Coding for dry needling is as follows:

  • CPT® Code 20560: Needle insertion(s) without injection(s), 1-2 muscles
  • CPT® Code 20561: Needle insertion(s) without injection(s), 3 or more muscles

These procedure codes are based on the number of muscles being treated. The number of needles used, and time spent with the patient is not taken into consideration when determining the appropriate code to use. Only one unit of this code can be billed per encounter. Dry needling can be performed on the same day and same spinal or body region as a manipulation (CPT ® Codes 98940-98943), massage (CPT ® Code 97124), or manual therapy (CPT ® Code 97140) due to the fact that dry needling requires a very different skill set to perform and the post service work, such as documentation and home care instructions, are different from what is required for other chiropractic and soft tissue services.
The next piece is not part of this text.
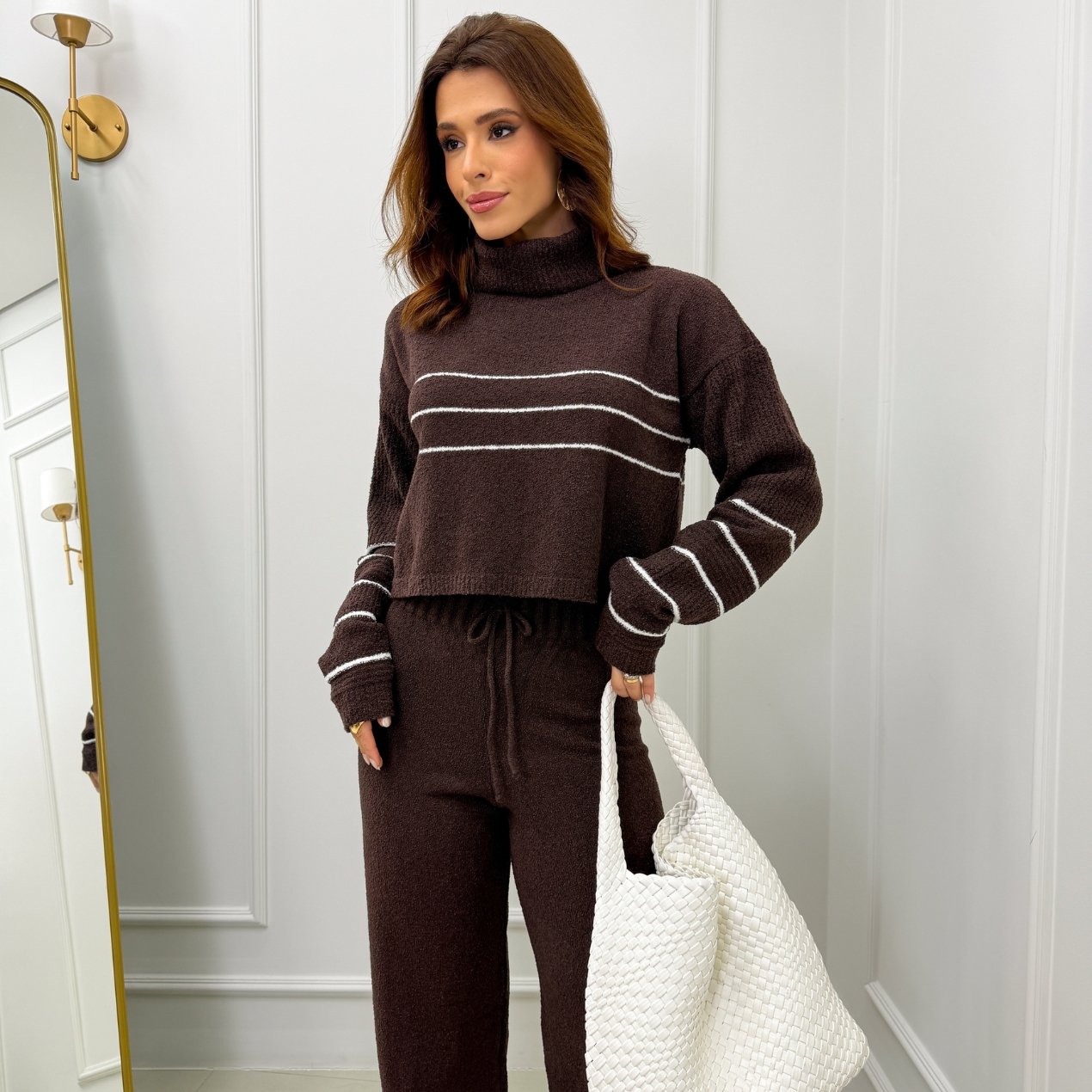 Como Usar o Conjunto Tricô Mousse Cropped Listra e Calça Pantalona Café
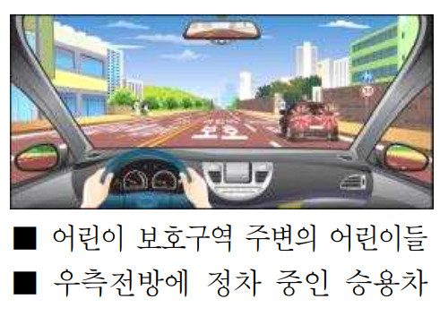 | ¹®Á¦Çؼ³ | º¸ÀÌÁö ¾Ê´Â °÷¿¡¼ À§ÇèÀÌ ¹ß»ýÇÒ ¼ö ÀÖÀ¸¹Ç·Î À§ÇèÀ» ¿¹ÃøÇÏ°í ¹Ì¸® ¼Óµµ¸¦ ÁÙÀÌ°í ¿ìÃø Â÷·®ÀÇ ¿òÁ÷ÀÓÀ» Àß »ìÆì¾ß ÇÑ´Ù. ¶ÇÇÑ ¾î¸°ÀÌ º¸È£±¸¿ªÀ̹ǷΠ¾î¸°ÀÌÀÇ µ¹¹ßÇൿ¿¡ ÁÖÀÇ ÇÏ¿©¾ß ÇÑ´Ù. |

Is dry needling covered by your patients provider?

Even if dry needling is within a provider’s scope of practice, it does not mean that payers will reimburse for this service. Many third-party payers consider dry needling to be “experimental and investigational” and consider it an excluded service. Locate and review the Medical Review Policies for any payers your office commonly bills to and verify patients’ insurance benefits to confirm if they provide coverage for this service. Some require that patients sign a notice of non-coverage prior to receiving treatment to ensure they are aware of their personal financial responsibility.

Having specific procedure codes for dry needling is extremely helpful for office statistics whether it is a cash or insurance reimbursed service. As with all diagnosis and procedure codes, stay informed on the yearly changes and update your internal paperwork, fee schedule, and billing system as needed.